Leader Election
在分布式计算中,leader election是指定一个任务的组织者在几台计算机(节点)之间分配的过程。 在任务开始之前,所有网络节点都不知道哪个节点将作为任务的“领导者”或协调者。 然而,在执行了leader election算法之后,整个网络中的每个节点识别出一个特定的唯一节点作为任务负责人。
Curator的相关文档中强烈建议我们实现LeaderSelectorListenerAdapter接口,以应对connection loss和session expired的情况。
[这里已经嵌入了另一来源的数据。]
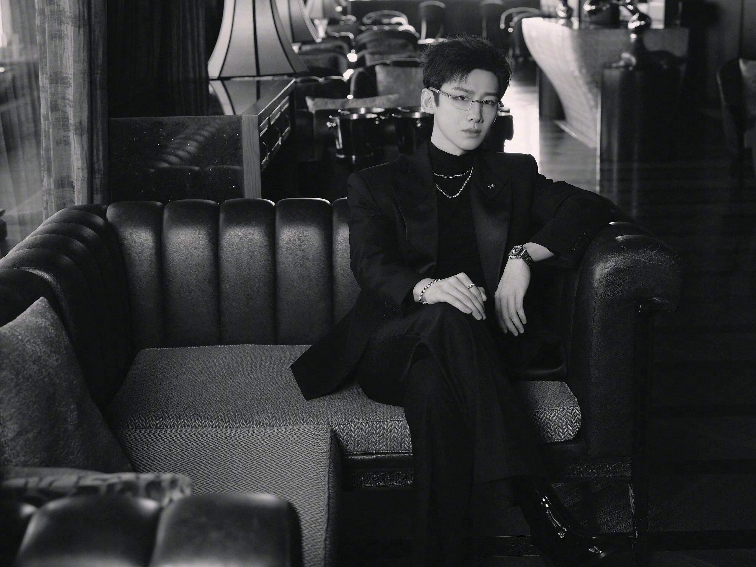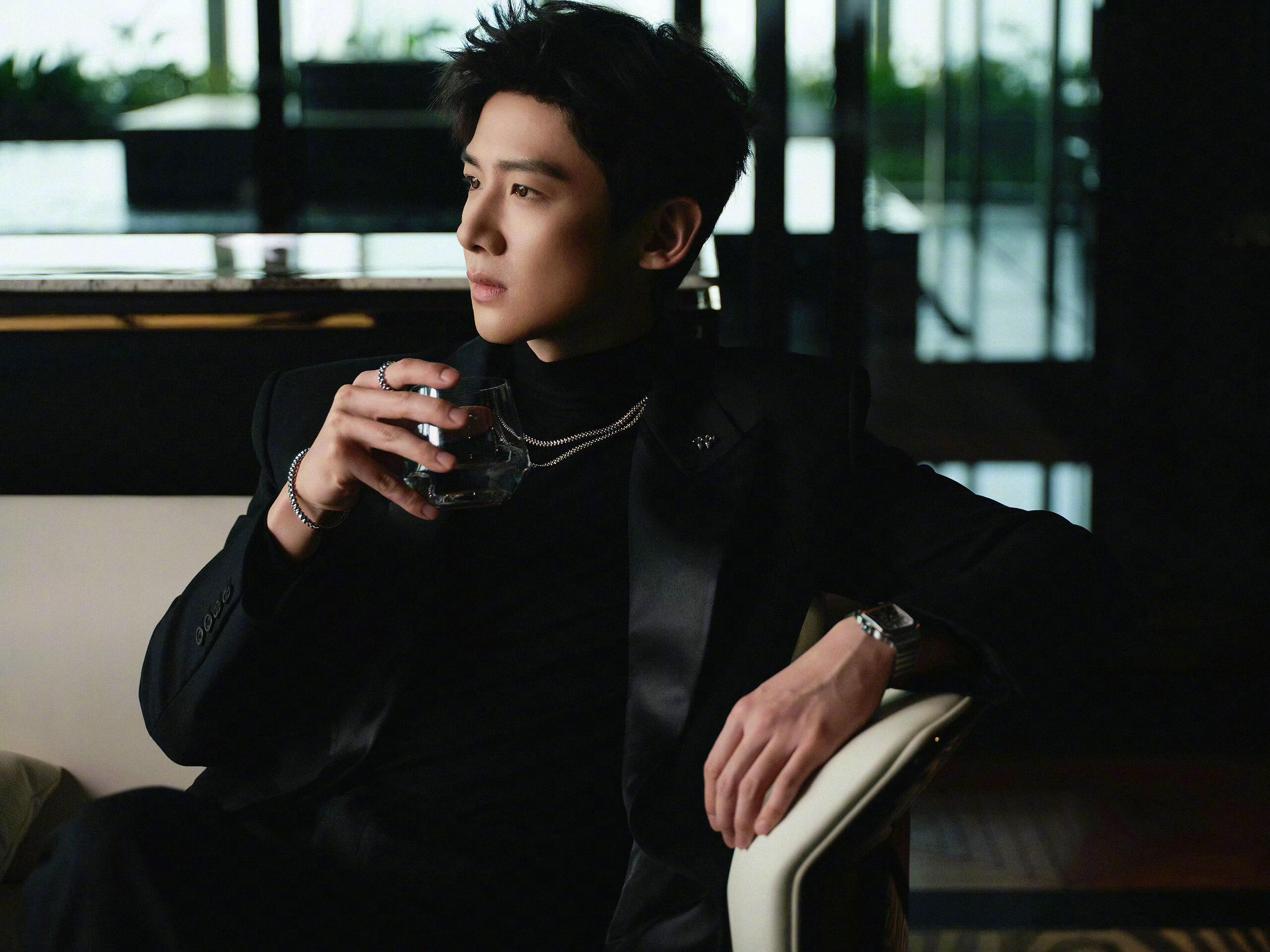 白敬亭 x Cartier白敬亭卡地亚南京圣诞点灯活动造型,完全是总裁级别的。全黑西装搭高领内搭,金属项链与眼镜衬出冷冽质感,慵懒坐姿里裹着绅士氛围,太松弛了吧

对于以上的两种状态都会抛出CancelLeadershipException,使得LeaderSelector实例尝试去中断和cancel正在执行takeLeadership
方法的线程。
下面是5个节点抢夺leader的示例:
/**
* @author Zhao Junjian
*/
public class LeaderElectionTest {
private static final Random RANDOM = new SecureRandom();
private static final String LEADER_PATH = "/prontera/leader";
private static final String CONNECTION_STR = "localhost:2181,localhost:2182,localhost:2183";
public static void main(String[] args) throws IOException {
final int nThreads = 5;
final ExecutorService pool = Executors.newFixedThreadPool(nThreads);
final Deque<CuratorFramework> clientList = Lists.newLinkedList();
final Deque<LeaderCompetition> selectorList = Lists.newLinkedList();
try {
for (int i = 0; i < nThreads; i++) {
int finalI = i;
pool.execute(() -> {
final CuratorFramework client = CuratorFrameworkFactory.newClient(CONNECTION_STR, new ExponentialBackoffRetry(800, 3));
final LeaderCompetition selector = new LeaderCompetition(client, LEADER_PATH, "Client#" + finalI);
clientList.addLast(client);
selectorList.addLast(selector);
client.start();
selector.start();
});
}
// 输入空行结束,一定要在main方法中才有效
new BufferedReader(new InputStreamReader(System.in)).readLine();
} finally {
for (LeaderCompetition s : selectorList) {
CloseableUtils.closeQuietly(s);
}
for (CuratorFramework c : clientList) {
CloseableUtils.closeQuietly(c);
}
pool.shutdown();
}
}
private static final class LeaderCompetition extends LeaderSelectorListenerAdapter implements Closeable {
/**
* selector's name
*/
private final String name;
/**
* selector instance
*/
private final LeaderSelector selector;
private LeaderCompetition(CuratorFramework client, String leaderPath, String name) {
this.name = name;
selector = new LeaderSelector(client, leaderPath, this);
// 行使完leader的权力之后再次参与竞选
selector.autoRequeue();
}
public void start() {
selector.start();
}
/**
* 注意这是{@link Closeable}的方法
*/
@Override
public void close() throws IOException {
selector.close();
}
/**
* 只要从该方法退出,则说明放弃了leader的权力,并重新进行选举
*/
@Override
public void takeLeadership(CuratorFramework client) throws Exception {
try {
System.out.println(name + " has acquired leadership.");
TimeUnit.MILLISECONDS.sleep(700);
// throw new CancelLeadershipException(name);
// KillSession.kill(client.getZookeeperClient().getZooKeeper(), LEADER_PATH);
// System.out.println(name + " session过期");
System.out.println(name + " print " + UUID.randomUUID());
//TimeUnit.MILLISECONDS.sleep(700);
} catch (Exception e) {
e.printStackTrace();
}
}
}
}
Shared Reentrant Lock
完全的分布式锁是全局同步的,意味着在任何一个时刻不会有两个客户端拥有同一把锁。
对于分布式锁我们需要考虑的一点是,如果在获取锁成功后且在释放锁之前,因为各种各样的原因,导致session expired从而使得该节点在毫不知情的情况下失去了锁,那么此时该怎么处理呢?在获取锁后出现的connection loss和session expired的情况都直接如leader election采用无差别抛出异常的处理方式。
我们划分一下:
- 如果是计算类的逻辑,那么直接舍弃其结果,不予返回。
- 如果是需要操作数据库但并不涉及调用其他服务接口的,抛出异常使得Spring自动回滚该事务。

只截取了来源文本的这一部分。